Linear interpolation algorithm for Image Scaling

Source: Internet
Author: User
What is bilinear interpolation?

For example
Original numerical sequence: 0, 10, 20, 30, 40
Linear interpolation: 0, 5, 10, 15, 20, 25, 30, 35, 40
That is, the change (increase or decrease) is linear, and a straight line can be drawn on the coordinate chart.
In digital camera technology, these values can represent the color and color of different pixels in a photo.

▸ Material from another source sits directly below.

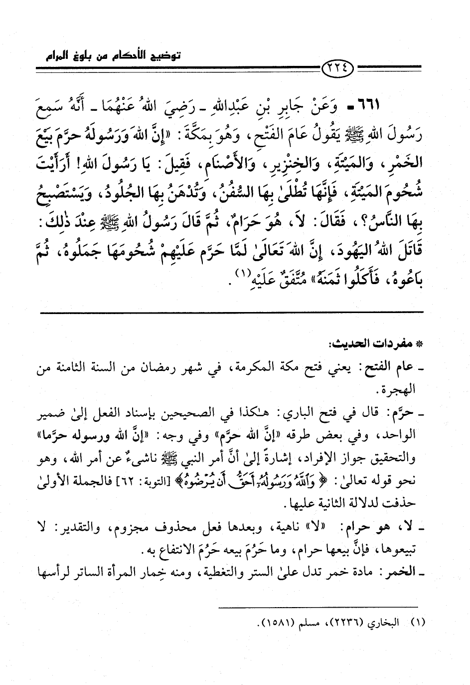 661 - وَعَنْ جَابِرِ بْنِ عَبْدِ اللهِ -رَضِيَ اللهُ عَنْهُمَا- أَنَّهُ سَمِعَ رَسُولَ اللهِ -صلى الله عليه وسلم- يقُولُ عَامَ الفَتْحِ، وَهُوَ بمَكَّةَ: "إِنَّ اللهَ وَرَسُولَهُ حرَّمَ بيَعَ الخَمْرِ، وَالمَيْتَةِ، وَالخِنْزِيرِ، وَالأَصْنامِ، فَقِيلَ: يَا رَسُولَ اللهِ! أَرَأَيْتَ شُحُومَ المَيْتَةِ، فَإنَّهَا تُطْلَى بِهَا السُّفُنُ، وَتُدْهَنُ بِهَا الجُلُودُ، وَيَسْتَصْبِحُ بِهَا النَّاسُ؟، فَقَالَ: لاَ، هُوَ حَرَامٌ، ثُمَّ قَالَ رَسُولُ اللهِ -صلى الله عليه وسلم- عِنْدَ ذلِكَ: قَاتَلَ اللهُ اليَهُودَ، إِنَّ اللهَ تَعَالَى لَمَّا حَرَّم عَلَيْهِمْ شُحُومَهَا جَمَلُوهُ، ثُمَّ باعُوهُ، فَأَكَلُوا ثَمَنه" مُتَّفَقٌ عَلَيْهِ (¬1).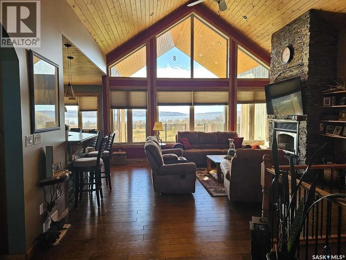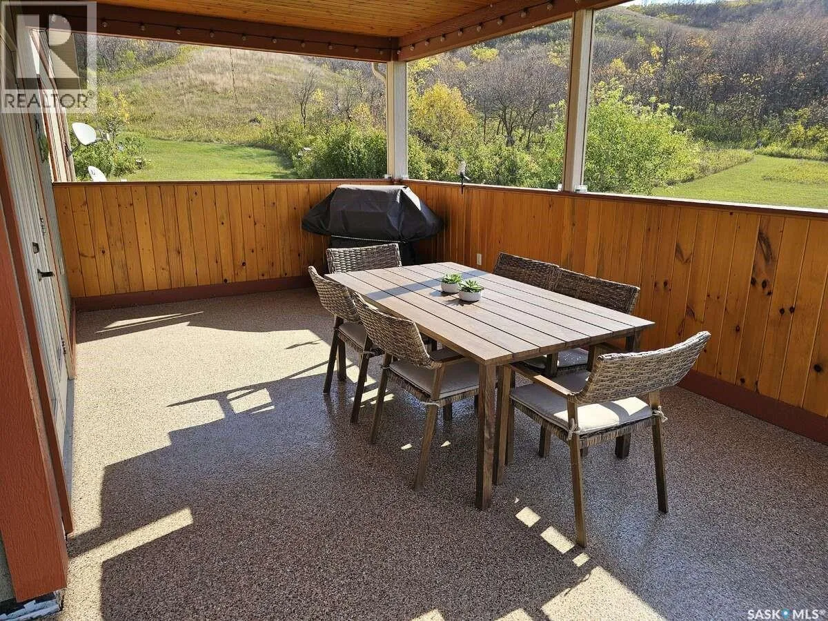 For more information, please click the "More Information" button. Stunning Acreage with Spectacular Views in the Qu'Appelle Valley! Incredible opportunity to own a beautiful acreage nestled in the Qu'Appelle Valley, just 3 minutes from Fort Qu'Appelle on the north hillside of Echo Lake. This spacious home sits on 1.69 acres with breathtaking panoramic views and sunsets. Offering over 1900 sq. ft. upstairs, this property features 5 bedrooms and 3 bathrooms, including a 4-piece ensuite. The layout includes 2 bedrooms upstairs, 3 large bedrooms downstairs, an upstairs laundry, and a bright office space. Enjoy a huge kitchen with eating bar for 6, a large dining area, and engineered hardwood floors. Cozy up to the wood-burning fireplace upstairs or the natural gas fireplace downstairs. Relax outdoors on the completely covered deck that wraps around the entire front of the house, perfect for enjoying the stunning views in any weather. The lower level features a large mechanical room with storage shelves, a boiler system for in-floor heat in both the downstairs and garage, a water softener, and a central vacuum system. Additional highlights include a 2,600 gallon septic tank, a private well with excellent water quality and quantity, solid pine doors and trim throughout, an attached 2-car garage, ample parking, beautifully landscaped yard, and an outbuilding for extra storage. This exceptional property offers space, comfort, and stunning scenery - all minutes from town amenities and 45 minutes from Regina. Don't miss your chance to call this incredible acreage home! (id:27476)

For ease of understanding, consider linear interpolation in one dimension.
For a series of C, we assume that the range from C [a] to C [A + 1] is linear.
Then for floating point X (A <= x <A + 1), C (x) = C [A + 1] * (X-) + C [a] * (1 + A-x );
Is that easy to understand?

This interpolation method is extended to two-dimensional situations.
For a two-dimensional array C, we assume that for any floating point I, C (A, I) to C (a + 1, I) is linearly changed, C (I, b) It is also linear between C (I, B + 1) (A and B are integers)
Then, if the coordinates (x, y) of floating point numbers meet the conditions (a <= x <A + 1, B <= Y <B + 1), we can first obtain the coordinates of C (x, y, b) and C (X, B + 1 ):
C (X, B) = C [A + 1] * (X-A) + C [a] * (1 + A-x );
C (X, B + 1) = C [A + 1] [B + 1] * (X-) + C [a] [B + 1] * (1 + A-x );
Well, now we know C (X, B) and C (X, B + 1), and C (X, B) to C (X, B + 1) it is also linear, so:
C (x, y) = C (X, B + 1) * (Y-B) + C (X, B) * (1 + B-y)
This is bilinear interpolation.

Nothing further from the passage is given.